Partially Optimal Edge Fault-Tolerant Spanners

TL;DR

This paper improves bounds on the size of edge fault-tolerant spanners in graphs, nearly matching known lower bounds and distinguishing between edge and vertex fault resilience.

Contribution

It provides nearly tight upper bounds for edge fault-tolerant spanners, separating their properties from vertex fault-tolerant spanners, and analyzes a fault-tolerant greedy algorithm.

Findings

New upper bounds for edge fault-tolerant spanners for odd and even k.

Analysis of a fault-tolerant greedy algorithm with exponential time complexity.

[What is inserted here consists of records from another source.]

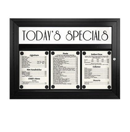 Provide Your Header Text When Ordering Menu Menu Display cases with Message Header and Lights. We'll print it on a black or white cabinet panel in 3" all cap Helvetica letters. For example, add your restaurant name, Tommy's Crab Shack. Or a message; TODAY'S SPECIAL. Or a simple word, MENU. We'll print it free. You can also send us your custom logo or request a different font style. Call customer service for more info. These custom printed enhancements necessitate a small upcharge.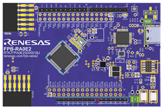 A Placa de Prototipagem Rápida FPB-RA0E2 da Renesas Electronics oferece um ponto de entrada para avaliação, prototipagem e desenvolvimento com o MCU RA0E2. Esta placa incorpora um circuito emulador e pode ser usada sem ferramentas de hardware. A placa de prototipagem FPB-RA0E2 inclui furos passantes para conectores de pinos que permitem acesso aos pinos de sinal do MCU e facilitam a prototipagem com o uso de uma placa de ensaio. Esta placa possui um conector USB 2.0 Tipo C™, um botão de reset e um botão de usuário. Aplicações típicas incluem pequenos eletrodomésticos, automação industrial, canetas inteligentes, rastreadores de segurança pessoal e detectores de odores para banheiro.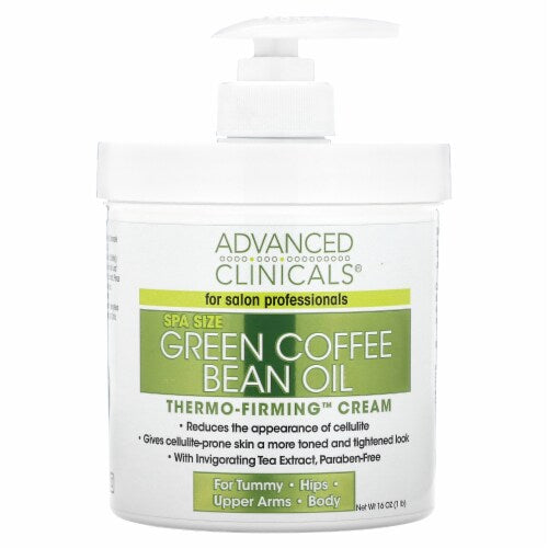 Advanced Clinicals Green Coffee Bean Oil Thermo-Firming Cream is een verstevigende crème voor gezicht en lichaam die helpt bij het verminderen van cellulite, verslapping en een doffe huid. De formule met groene koffieboonolie, cafeïne en algenextract stimuleert de huidcirculatie, verstevigt en maakt de huid gladder. Ideaal voor probleemzones zoals buik, dijen, armen en hals. Voor dagelijks gebruik.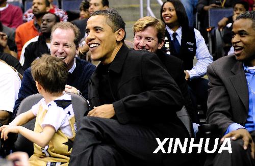 資料圖片:2月27日,美國總統(tǒng)奧巴馬(前中)在觀看比賽。當(dāng)日,美國總統(tǒng)奧巴馬來到華盛頓奇才隊(duì)主場觀看NBA常規(guī)賽華盛頓奇才隊(duì)與芝加哥公牛隊(duì)的比賽。 新華社記者張巖攝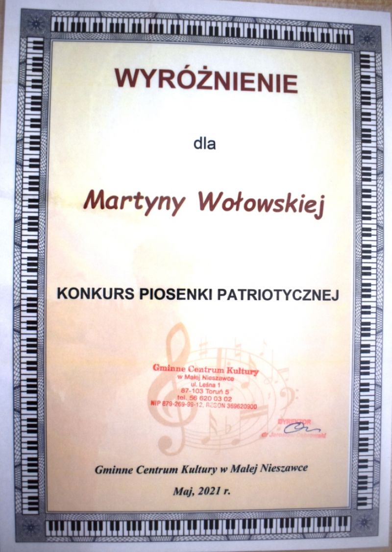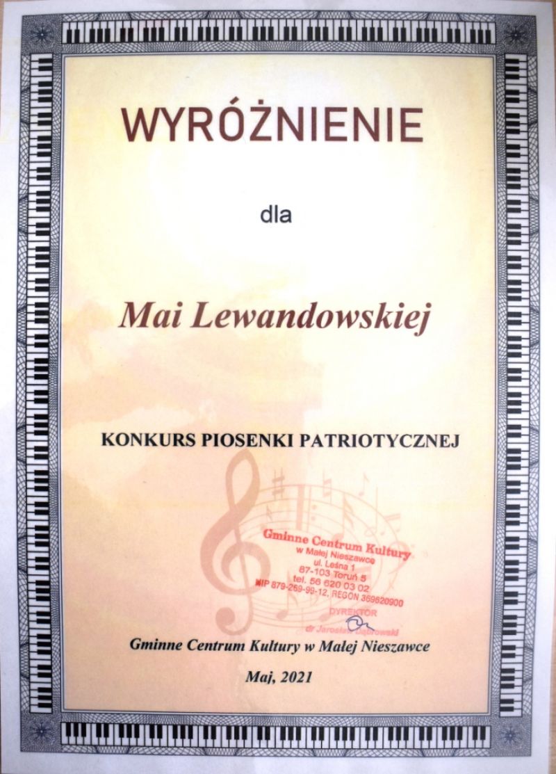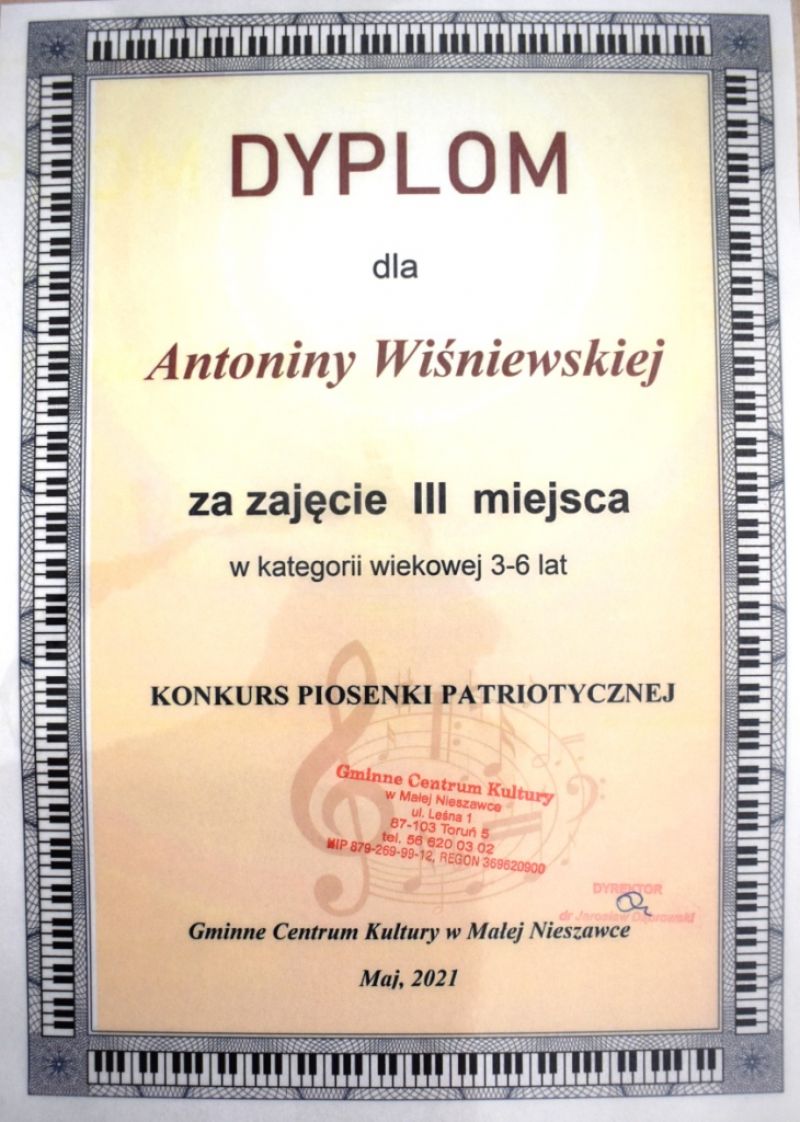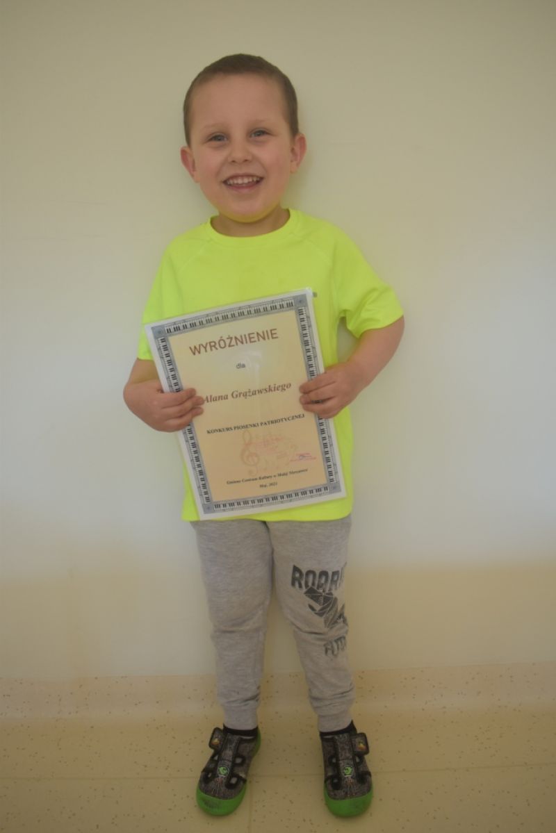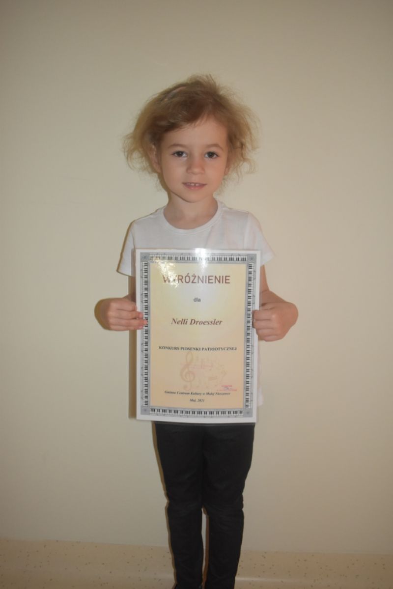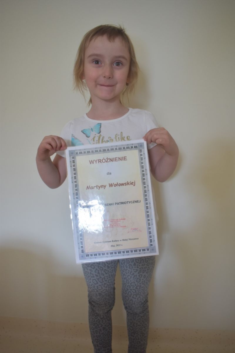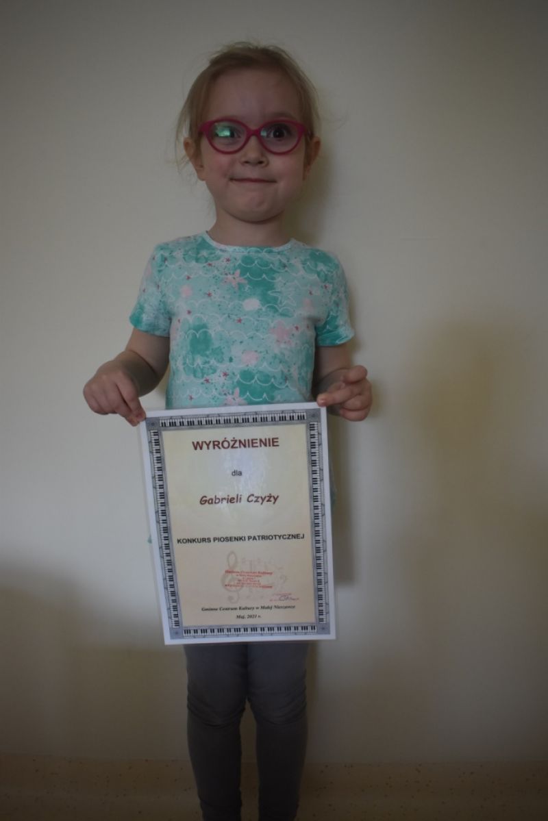 Dzieci z naszej grupy wzięły udział w Konkursie Piosenki Patriotycznej online organizowanym przez Gminne Centrum Kultury w Małej Nieszawce. Naszym dzieciom udało się odnieść sukces i zdobyły: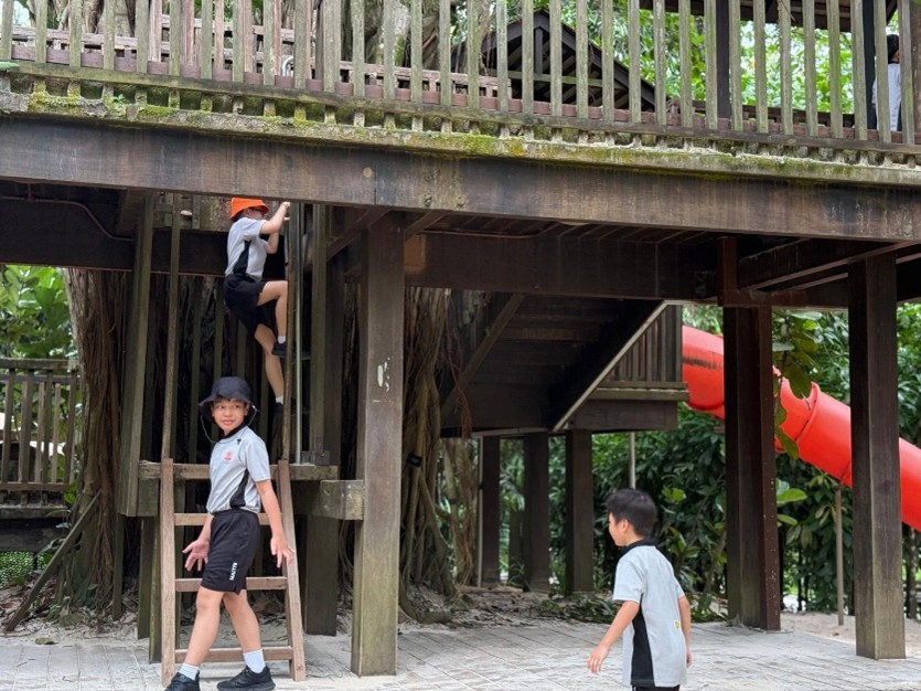 One of the highlights was the Treehouse Playground. Some students were brave and challenged themselves to climb up the steps and ladder. After that, they had lots of fun sliding down the long slides. Everyone smiled and laughed.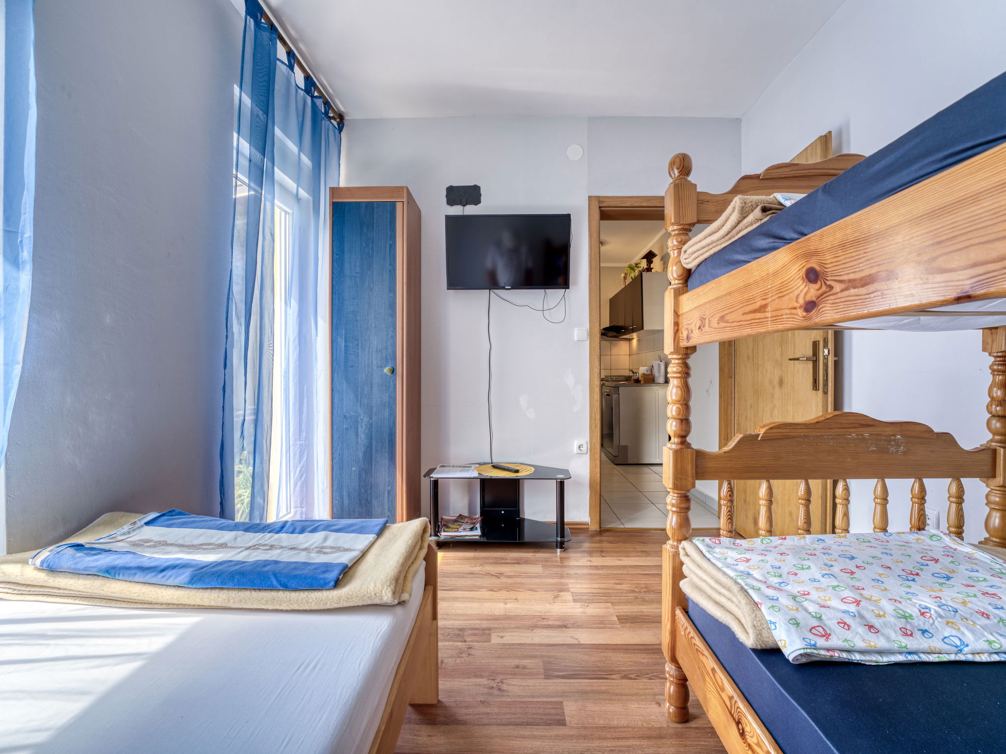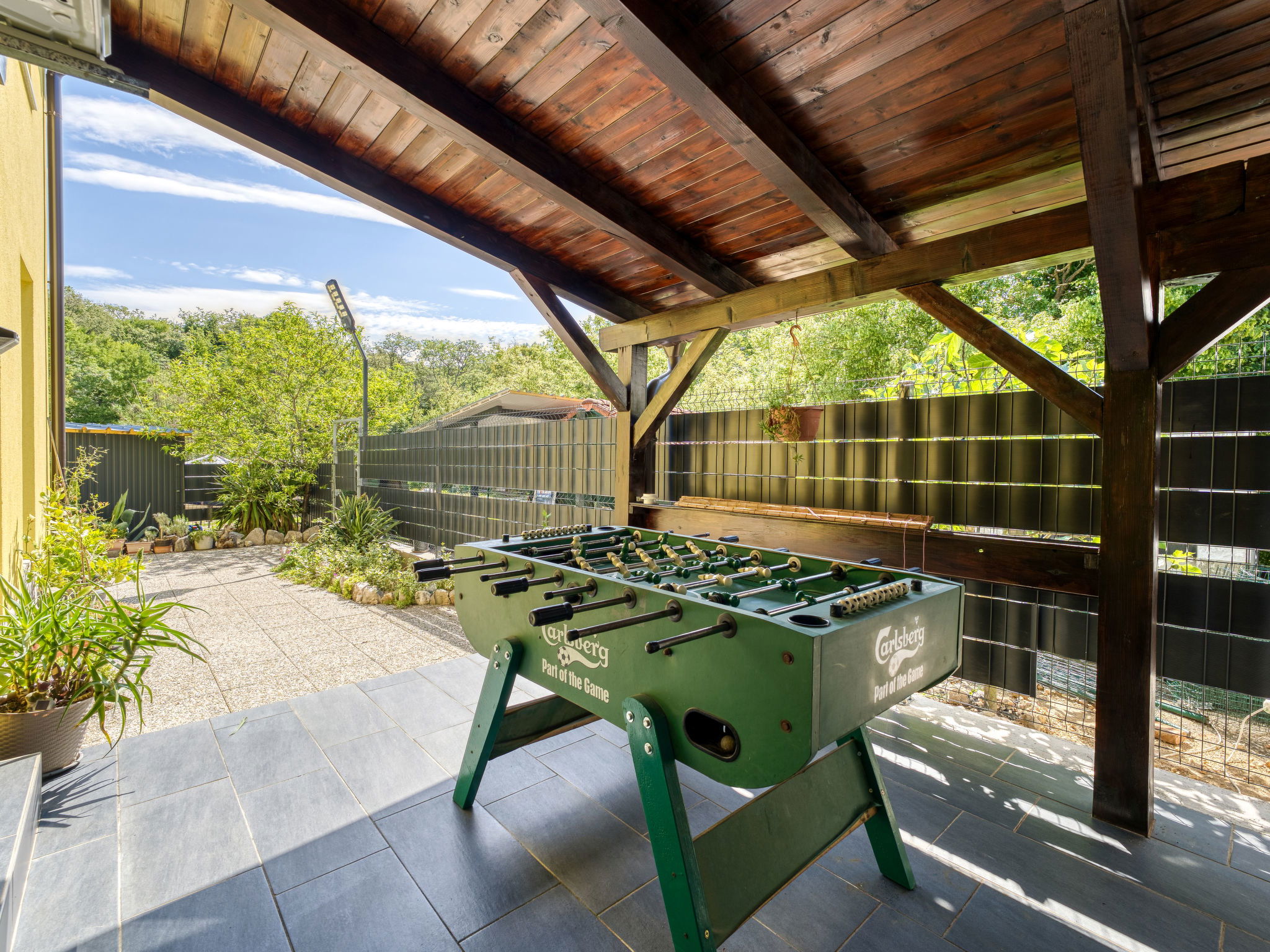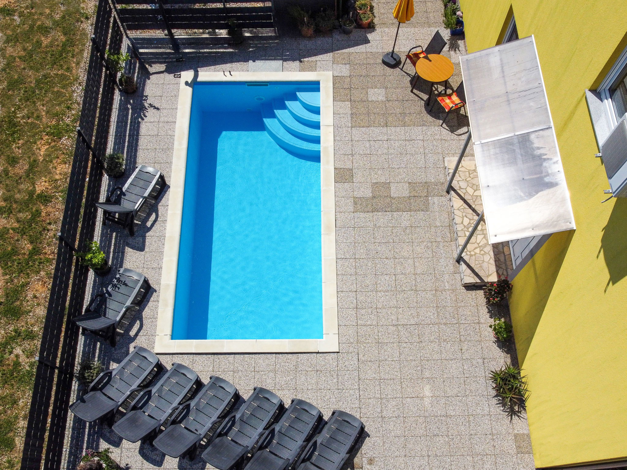 Maison jumelée "Radmila", de 2 étages. À 3 km du centre de Šilo, à 13 km du centre de Vrbnik, à 3 km de la mer, à 3 km de la plage, dans une impasse. A usage privé: terrain 300 m2 (clôturé), piscine (hors sol) (3 x 7 m, profondeur 130 cm, disponibilité saisonnière: 15.Mar. - 15.Nov.). Terrasse, barbecue, entretien de la piscine par le propriétaire/jardinier. Infrastructures de la Maison: accès internet, baby foot, trampoline, lave-linge. Place de parking (pour 4 voitures) près de la maison. Magasins 1.4 km, restaurant 3 km, arrêt de bus 3.5 km, plage de sable 4 km plage de graviers 3 km. Veuillez noter: Aéroport 16 km de la maison. Maison jumelée comprend 3 appartements loués ensemble: un appartement se situe au rez-de-chaussée et les deux autres se trouvent au 1er étage.

Existence of a polynomial-time algorithm with slightly larger spanners.

Abstract

Recent work has established that, for every positive integer $k$, every $n$-node graph has a $(2k-1)$-spanner on $O(f^{1-1/k} n^{1+1/k})$ edges that is resilient to $f$ edge or vertex faults. For vertex faults, this bound is tight. However, the case of edge faults is not as well understood: the best known lower bound for general $k$ is $\Omega(f^{\frac12 - \frac{1}{2k}} n^{1+1/k} +fn)$. Our main result is to nearly close this gap with an improved upper bound, thus separating the cases of edge and vertex faults. For odd $k$, our new upper bound is $O_k(f^{\frac12 - \frac{1}{2k}} n^{1+1/k} + fn)$, which is tight up to hidden $poly(k)$ factors. For even $k$, our new upper bound is $O_k(f^{1/2} n^{1+1/k} +fn)$, which leaves a gap of $poly(k) f^{1/(2k)}$. Our proof is an analysis of the fault-tolerant greedy algorithm, which requires exponential time, but we also show that there is a polynomial-time algorithm which creates edge fault tolerant spanners that are larger only by factors of $k$.